Pelengkap tidak menjadi subjek dalam kalimat pasif. Jika terdapat objek dan pelengkap dalam kalimat aktif, objeklah yang menjadi subjek kalimat pasif, bukan pelengkap.

Ciri-ciri pelengkap:
• Di belakang predikat.
Objek langsung di belakang predikat, sedangkan pelengkap masih dapat disisipi unsur lain, yaitu objek. Contoh: buku baru, sepeda baru.
• Tidak didahului preposisi.
Unsur kalimat yang didahului preposisi disebut keterangan.
C. POLA KALIMAT DASAR

Kalimat dasar dapat dibedakan menjadi delapan tipe, yaitu:

1. Kalimat dasar berpola SPOK
    contoh : Ayah membaca koran dikamar tengah
                Ayah sebagai S, mebaca sebagai P, koran sebagai O, dikamar tengah sebagai K
2. Kalimat dasar berpola SPOPel
    contoh : ibu membelikan adik mainan 
                ibu sebagai S, membelikan sebagai P, adik sebagai O, mainan sebagai pel 

3. Kalimat dasar berpola SPO
    contoh : Dosen mengajar ahasiswa
                Dosen sebagai S, mengajar sebagai P, mahasiswa sebagai O

4. Kalimat dasar berpola SPPel
    contoh : Dia memberi semnagat
                 Dia sebagai S, memeberi sebagai P, semangat sebagai Pel

5. Kalimat dasar berpola SPK
    
contoh : Dosen kami akan dikirim ke Australia
                 Dosen kami sebagai S, akan dikirimkan sebagai P, ke australia sebagai K

6. Kalimat dasar berpola SP (P: verba)
    contoh : Kami belajar 
                 Kami sebagai S, belajar sebagai P

7. Kalimat dasar berpola SP (P: Nomina)
    contoh : kami mahasiswa 
                 Kami sebagai S, mahasiswa sebagai P  

8. Kalimat dasar berpola SP (P: Adjektiva)
    contoh : Ilmuwan Hebat
                 ilmuwan sebagai S, Hebat sebagai P

 
D. Macem-macem kalimat berdasarkan kalimat tunggal dan kalimat majemuk
Kalimat Tunggal
          
Kalimat tunggal adalah kalimat yang hanya terdiri atas dua unsur inti dan boleh diperluas dengan satu atau lebih unsur-unsur tambahan, asal unsur-unsur tambahan itu tidak boleh membentuk pola baru. Kalimat tunggal, misalnya kalimat inti, kalimat luas, kalimat verbal, kalimat nominal, dan kalimat tidak lengkap. ( definisi kalimat tunggal )

Contoh:
1. Rista menggambar.
    Kalimat inti
2. Rista menggambar bunga teratai.
    Kalimat luas
3. Ayamnya lima ekor.
    Kalimat nominal
     Selain kalimat tunggal, kita juga mengenal adanya kalimat majemuk. Kalimat majemuk adalah penggabungan dua kalimat tunggal atau lebih, sehingga kalimat yang baru mengandung dua atau lebih klausa. Hubungan antarklausa tersebut ditandai dengan kata hubung (konjungsi). ( definisi kalimat majemuk )
Kalimat majemuk
      Adalah kalimat yang terdiri dari dua klausa atau lebih. Minimal satu klausa yang terdiri dari subjek dan predikat.

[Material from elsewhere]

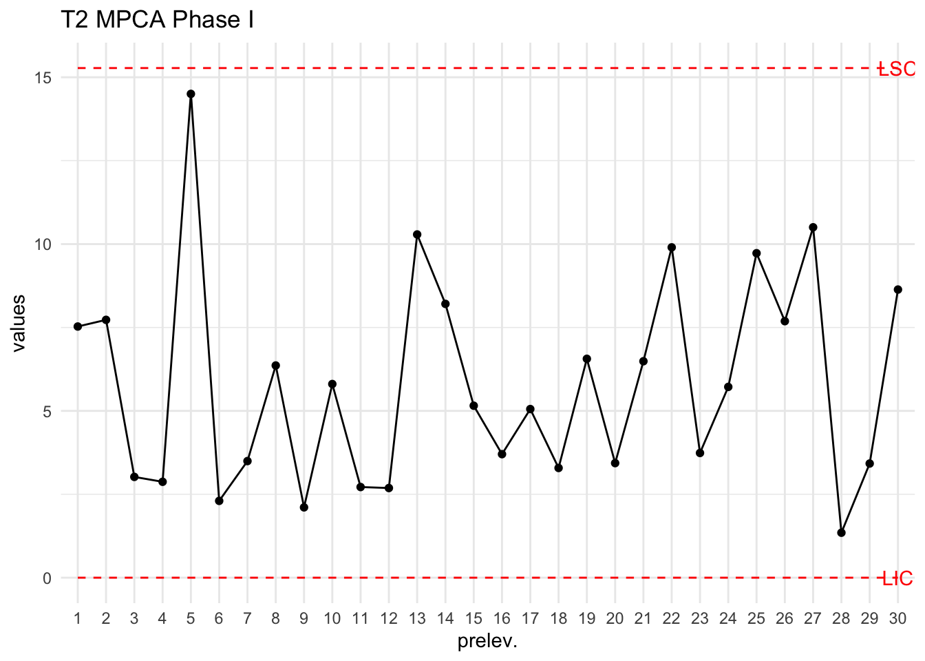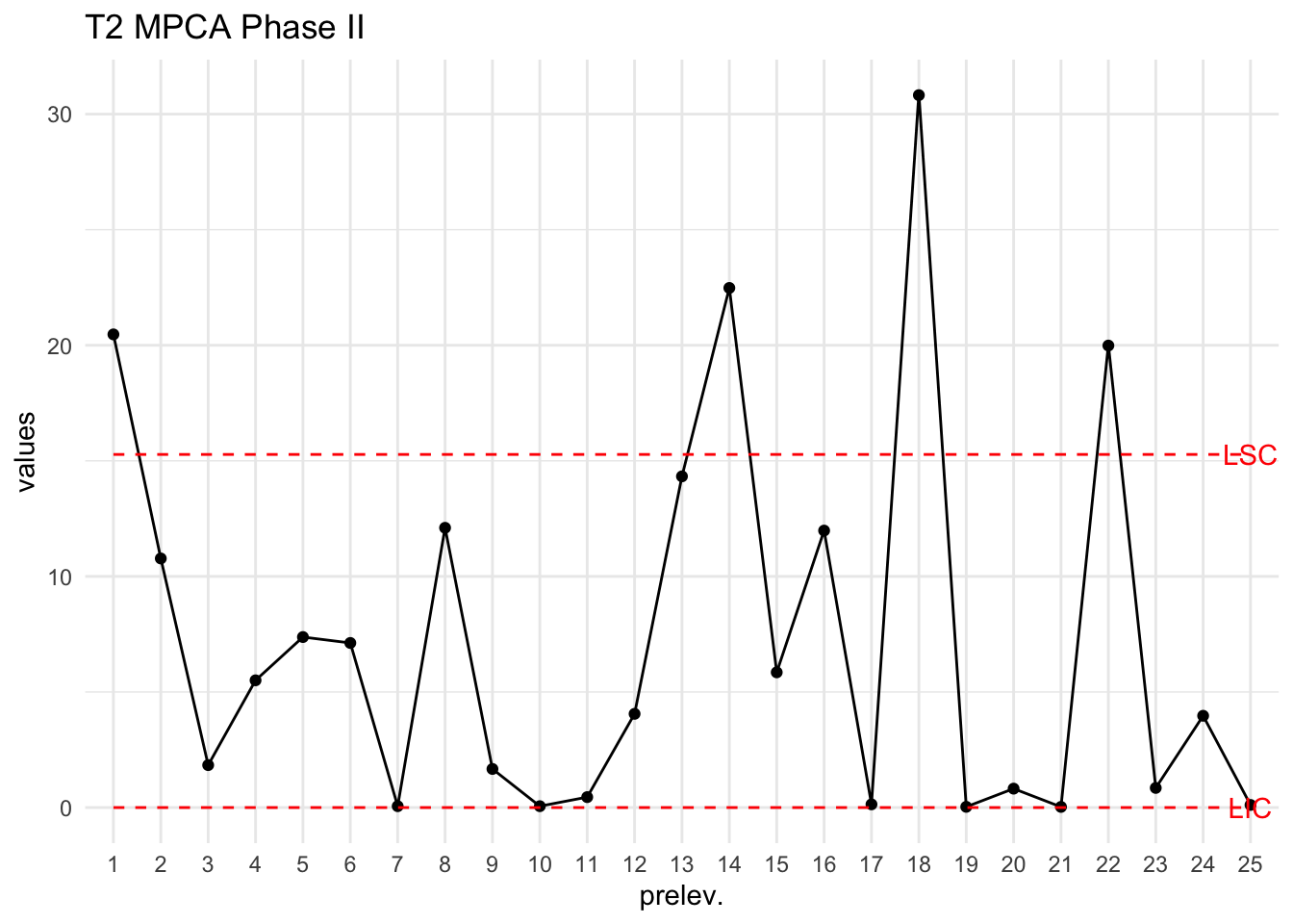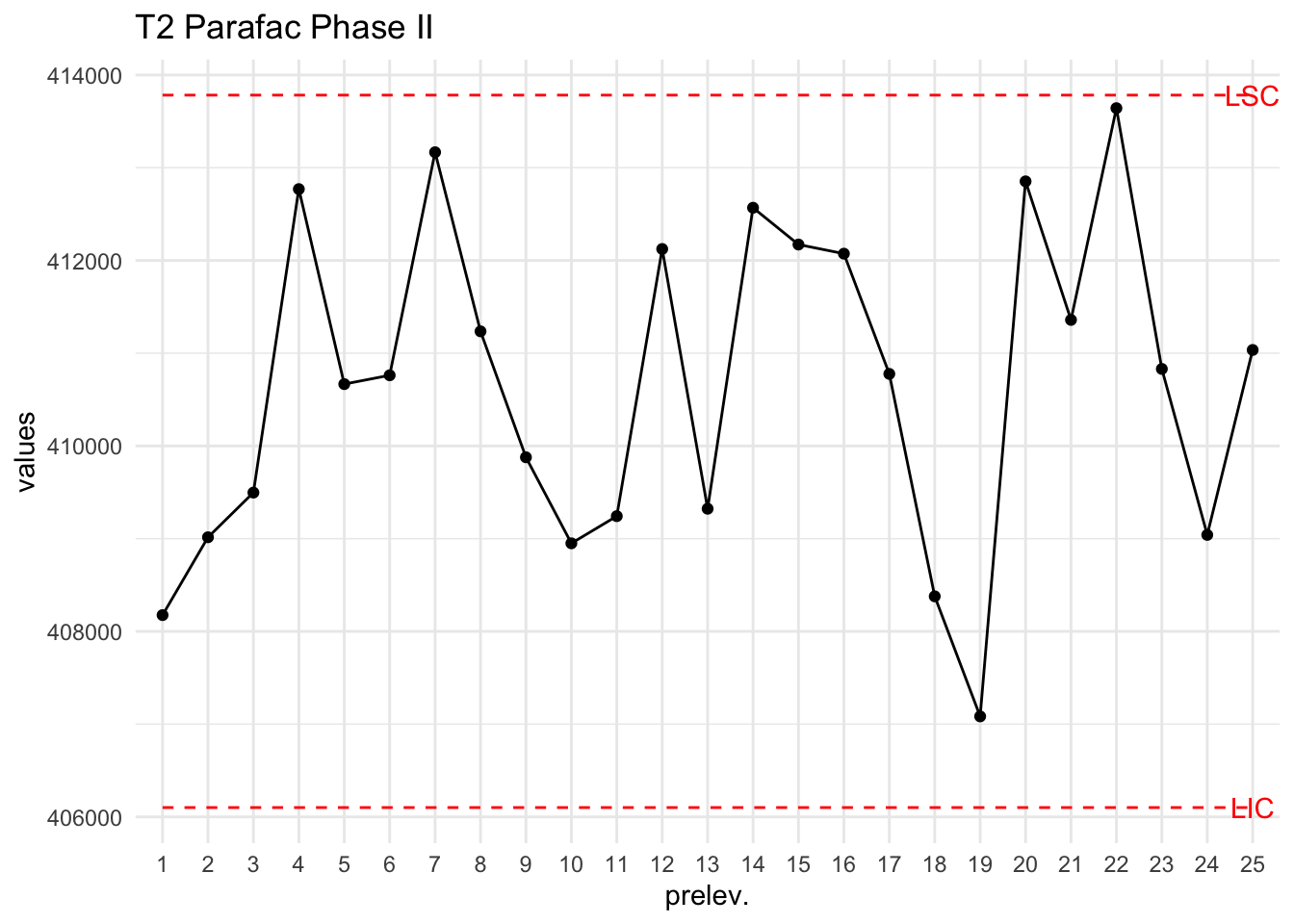 Pour la phase II (futures observations,[!] \(k\) est le nombre de prélèvements de la phase I) on pose : \[LSC=\frac{p(k+1)(n-1)}{kn-k-p+1}F_{(p,kn-k-p+1)}(1-\alpha).\]

Pada umumnya, kalimat majemuk dibagi menjadi :

a. Kalimat majemuk setara
Adalah kalimat majemuk yang pola-pola kalimatnya memiliki kedudukan yang sederajat, tidak ada kalimat yang menduduki fungsi lebih tinggi.


Kata penghubungnya antara lain: dan, atau, tapi, bahkan, kemudian dsb.
Contoh : Fahmi menyalakan komputer kemudian bermain game

b. Kalimat majemuk bertingkat
Adalah kalimat majemuk yang terdiri dari induk kalimat dan aank kalimat. Anak kalimat merupsksn perluasaan dari induk kalimat.
Contoh : -ketika aku menonton tv, Ibu dating. (anak kalimat keterangan waktu)
-anak yang berjilbab itu memenangkan olympiade biologi. (anak kalimat perluasan subjek)

c. Kalimat majemuk campuran
Adalah kalimat majemuk hasil gabungan kalimat majemuk setara dan kalimat majemuk bertingkat.
Contoh : proyek itu telah selesai ketika obama berkunjung ke Indonesia dan presiden Soeharto meninggal dunia.

d. Kalimat majemuk rapatan
Adalah gabungan beberapa kalimat tunggal yang karena subjek dan predikatnya sama, maka bagian yang sama hanya disebutka sekali.
Contoh :
Saya sedang belajar
Saya sedang belajar komputer
Ibu sedang mendengarkan radio
Jadi, Saya sedang belajar komputer dan mendengarkan radio.

Sumber : http://handikaabdillah20021992.blogspot.co.id/2012/10/kalimat-dasar-bahasa-indonesia.html

Diksi

     Diksi bisa diartikan sebagai pilihan kata pengarang untuk menggambarkan sebuah cerita. Diksi bukan hanya berarti pilih memilih kata melainkan digunakan untuk menyatakan gagasan atau menceritakan peristiwa tetapi juga meliputi persoalan gaya bahasa, ungkapan-ungkapan dan sebagainya. Gaya bahasa sebagai bagian dari diksi yang bertalian dengan ungkapan-unkapan individu atau karakteristik, atau memiliki nilai artistik yang tinggi.
Diksi dalam arti aslinya dan pertama, merujuk pada pemilihan kata dan gaya ekspresi oleh penulis atau pembicara. Arti kedua “diksi” yang lebih umum digambarkan dengan enunsiasi kata seni berbicara jelas sehingga setiap kata dapat didengar dan dipahami hingga kompleksitas dan ekstrimitas terjauhnya. Arti kedua ini membicarakan pengucapan dan intonasi daripada pemilihan kata dan gaya.

• Plilihan kata atau diksi mencakup pengertian kata – kata mana yang harus dipakai untuk mencapai suatu gagasan, bagaimana membentuk pengelompokan kata – kata yang tepat atau menggunakan ungkapan – ungkapan, dan gaya mana yang paling baik digunakan dalam suatu situasi.

• Pilihan kata atau diksi adalah kemampuan membedakan secara tepat nuansa – nuansa makna dari gagasan yang ingin disampaikan, dan kemampuan untuk menemukan bentuk yang sesuai (cocok) dengan situasi dan nilai rasa yang dimiliki kelompok masyarakat pendengar.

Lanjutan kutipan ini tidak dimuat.